» **YOUR OBJECTIVE**: Would you return, word for word, the lines running from the one with "Veilorie 2pcs/Set Plus" to the final line of the listing below, pictures omitted?

*** INFORMATION SUPPLIED

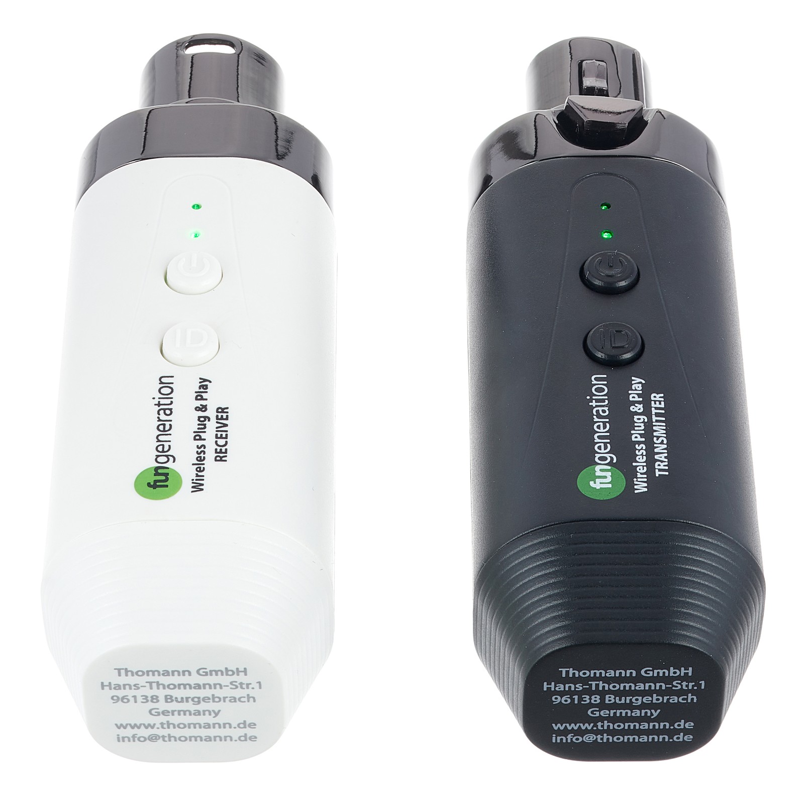 Mit dem Fun Generation Wireless Plug & Play reisen Sänger zu ihren Auftritten mit äußerst kleinem Gepäck, denn sie haben eine eigene Funkstrecke stets in der Hosentasche und ihr Instrument, ihre Stimme, ja ohnehin dabei. Ist dann auf Tour in einer Location kein kabelloses Handmikrofon vorhanden, steckt man den Aufstecksender an ein in fast jedem Club verfügbares Gesangsmikro mit XLR-Buchse und den Empfänger ins Mischpult, wobei die Zeit zwischen Soundcheck und Gig zum Laden genutzt werden kann. Das Wireless Plug & Play ist kleiner und leichter als ein Kabel und spart dazu den Kabelsalat. Und angesichts des niedrigen Preises und der gewonnenen Bewegungsfreiheit lohnt sich die Anschaffung des Funksets bereits ab dem ersten Gig.
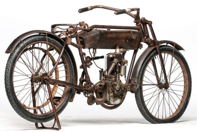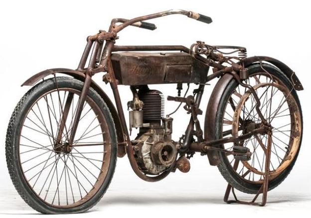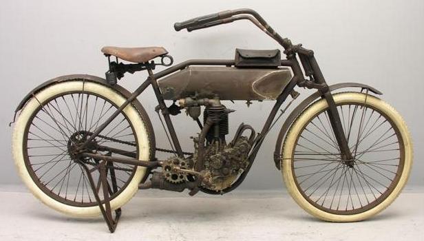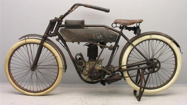 1903-1905 Thor "Camelback", 1-cyl. F-head 13/4hp, 15.85 cu in (259.8cc), bore 219/32", stroke 3", battery ignition, 1-speed, 8...37 mph, $225
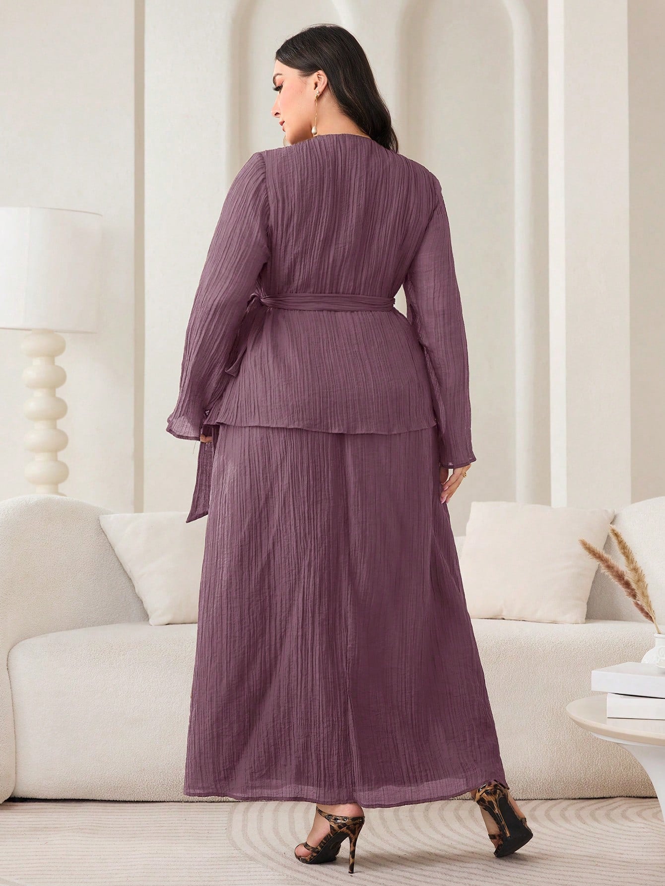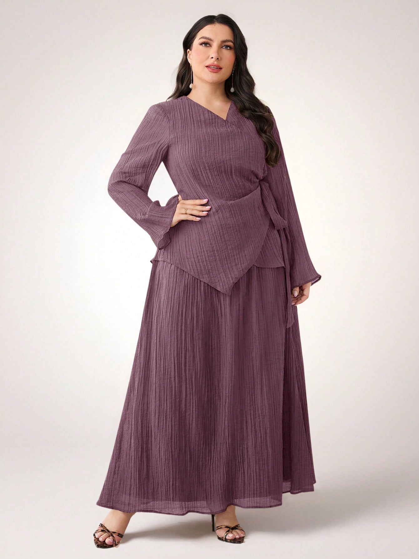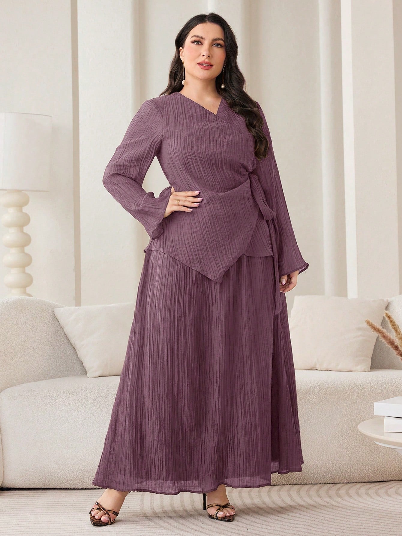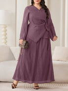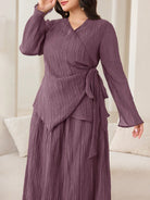 Veilorie 2pcs/Set Plus Size Women Solid Side Tie Asymmetric Hem Top And Skirt Casual Co-Ord Set
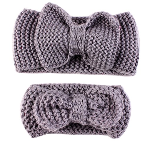 赤ちゃとマザー 親子ヘアバンド 冬秋 蝶結び 超萌え子供 母親ヘアアクセサリー 編みウールキャップ 編みイヤーマフ 母とベビー 遊び ヘアバンド (グレー)

******

» **ANSWER SPACE**:
 Veilorie 2pcs/Set Plus Size Women Solid Side Tie Asymmetric Hem Top And Skirt Casual Co-Ord Set
 赤ちゃとマザー 親子ヘアバンド 冬秋 蝶結び 超萌え子供 母親ヘアアクセサリー 編みウールキャップ 編みイヤーマフ 母とベビー 遊び ヘアバンド (グレー)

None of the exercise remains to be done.